____ Available data
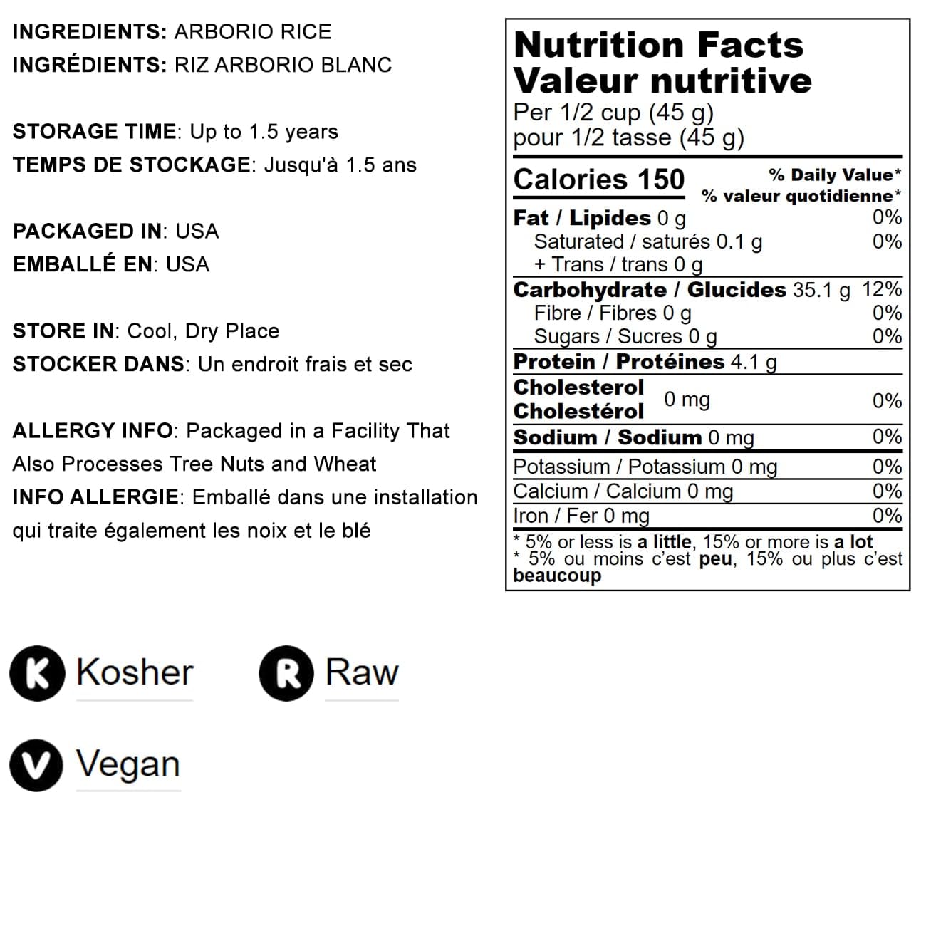 White Arborio Rice Is A Variety Of Short-Grain Rice Named After The Italian City It Originated From. What Is White Arborio Rice Known For This Kind Of Rice Has A Higher Starch Content Compared To Other Rice Varieties. Food To Lives White Arborio Rice Is Of Premium Quality, Vegan, Kosher, 100% Raw, And Available In Bulk Sizes. White Arborio Rice Benefits Just Like Other Rice Varieties, Arborio White Rice Can Be A Part Of A Balanced Diet. To Begin With, It Is A Source Of Complex Carbohydrates Which Are Our Main Fuel. Second, White Arborio Rice Contains Dietary Fiber And Plant Protein, Two Essential Macronutrients. Moreover, Arborio Rice Provides Decent Amounts Of Vitamins B1, B3 As Well As Various Essential Minerals Including Phosphorus, Magnesium, And Iron While Being Low In Fat And Sodium-Free. The Ideas On How To Use Arborio White Rice The Taste Of White Arborio Rice Is Rather Neutral Being A Perfect Base For Various Herbs And Spices While Its Texture Is Super Creamy. The Most Famous White Arborio Rice Recipe Is, Of Course, Traditional Italian Risotto. Besides, This Rice Is Excellent For Arancini - Italian Rice Balls. Furthermore, White Arborio Rice Can Be Used To Make Paella, Puddings, Stuffed Bell Peppers, Pilafs, Stir-Fries, Or Arborio Rice And White Bean Soup. If You Ask Is Arborio Rice The Same As White Rice And Can Arborio Rice Be Substituted For White Rice Arborio Rice Is A Type Of White Rice And Can Be Used In Almost Any Recipe That Calls For White Rice Or Simply As A Side, Though The Texture Of Your Meal May Be A Bit Different. How To Cook White Arborio Rice Follow Our Easy White Arborio Rice Cooking Instructions: Boil 2 Cups Of Water In A Pot Add 1 Cup Of Thoroughly Rinsed White Arborio Rice And A Pinch Of Salt Lower The Heat And Cover With A Lid Cook For 20 Minutes Enjoy! Storage Tips Does White Arborio Rice Go Bad Yes, It Does, And It Is Especially Important To Store White Arborio Rice Bulk Properly. Store It In A Moisture-Proof
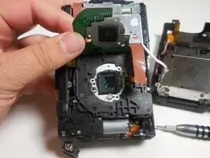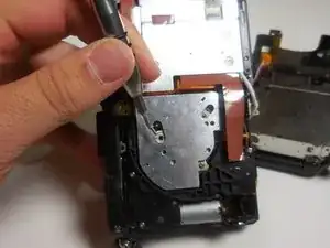 Снимите черный винт длиной 4,3 мм на верхней части камеры, прямо над местом, где экран выдвигается. Используйте отвертку Phillips #00.
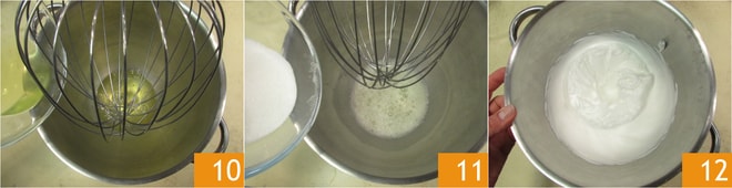 Réservez le mélange de jaunes d'œufs et versez les blancs dans le bol d'un robot pâtissier muni d'un fouet 10. Commencez à fouetter, puis ajoutez 120 g de sucre en continuant de fouetter 11. Vous devez obtenir une consistance assez crémeuse 12.
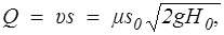 Коэффициент расхода представляет собой отношение действительного расхода Q к теоретическому:
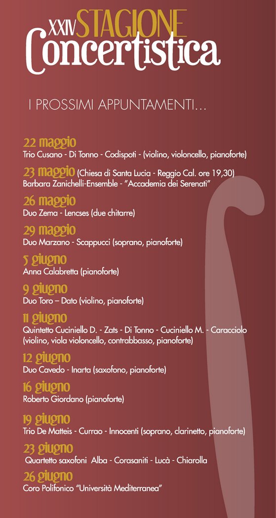 L'Università Mediterranea e il Consevatorio Francesco Cilea presentano la XXIV stagione concertistica che si svolgerà in Aula magna Quistelli secondo il calendario allegato.
________
*Problem requirements:* Write the listing above out again exactly, dropping each image.

*Completed exercise:*
 White Arborio Rice Is A Variety Of Short-Grain Rice Named After The Italian City It Originated From. What Is White Arborio Rice Known For This Kind Of Rice Has A Higher Starch Content Compared To Other Rice Varieties. Food To Lives White Arborio Rice Is Of Premium Quality, Vegan, Kosher, 100% Raw, And Available In Bulk Sizes. White Arborio Rice Benefits Just Like Other Rice Varieties, Arborio White Rice Can Be A Part Of A Balanced Diet. To Begin With, It Is A Source Of Complex Carbohydrates Which Are Our Main Fuel. Second, White Arborio Rice Contains Dietary Fiber And Plant Protein, Two Essential Macronutrients. Moreover, Arborio Rice Provides Decent Amounts Of Vitamins B1, B3 As Well As Various Essential Minerals Including Phosphorus, Magnesium, And Iron While Being Low In Fat And Sodium-Free. The Ideas On How To Use Arborio White Rice The Taste Of White Arborio Rice Is Rather Neutral Being A Perfect Base For Various Herbs And Spices While Its Texture Is Super Creamy. The Most Famous White Arborio Rice Recipe Is, Of Course, Traditional Italian Risotto. Besides, This Rice Is Excellent For Arancini - Italian Rice Balls. Furthermore, White Arborio Rice Can Be Used To Make Paella, Puddings, Stuffed Bell Peppers, Pilafs, Stir-Fries, Or Arborio Rice And White Bean Soup. If You Ask Is Arborio Rice The Same As White Rice And Can Arborio Rice Be Substituted For White Rice Arborio Rice Is A Type Of White Rice And Can Be Used In Almost Any Recipe That Calls For White Rice Or Simply As A Side, Though The Texture Of Your Meal May Be A Bit Different. How To Cook White Arborio Rice Follow Our Easy White Arborio Rice Cooking Instructions: Boil 2 Cups Of Water In A Pot Add 1 Cup Of Thoroughly Rinsed White Arborio Rice And A Pinch Of Salt Lower The Heat And Cover With A Lid Cook For 20 Minutes Enjoy! Storage Tips Does White Arborio Rice Go Bad Yes, It Does, And It Is Especially Important To Store White Arborio Rice Bulk Properly. Store It In A Moisture-Proof
 Снимите черный винт длиной 4,3 мм на верхней части камеры, прямо над местом, где экран выдвигается. Используйте отвертку Phillips #00.
 Réservez le mélange de jaunes d'œufs et versez les blancs dans le bol d'un robot pâtissier muni d'un fouet 10. Commencez à fouetter, puis ajoutez 120 g de sucre en continuant de fouetter 11. Vous devez obtenir une consistance assez crémeuse 12.
 Коэффициент расхода представляет собой отношение действительного расхода Q к теоретическому:
 L'Università Mediterranea e il Consevatorio Francesco Cilea presentano la XXIV stagione concertistica che si svolgerà in Aula magna Quistelli secondo il calendario allegato.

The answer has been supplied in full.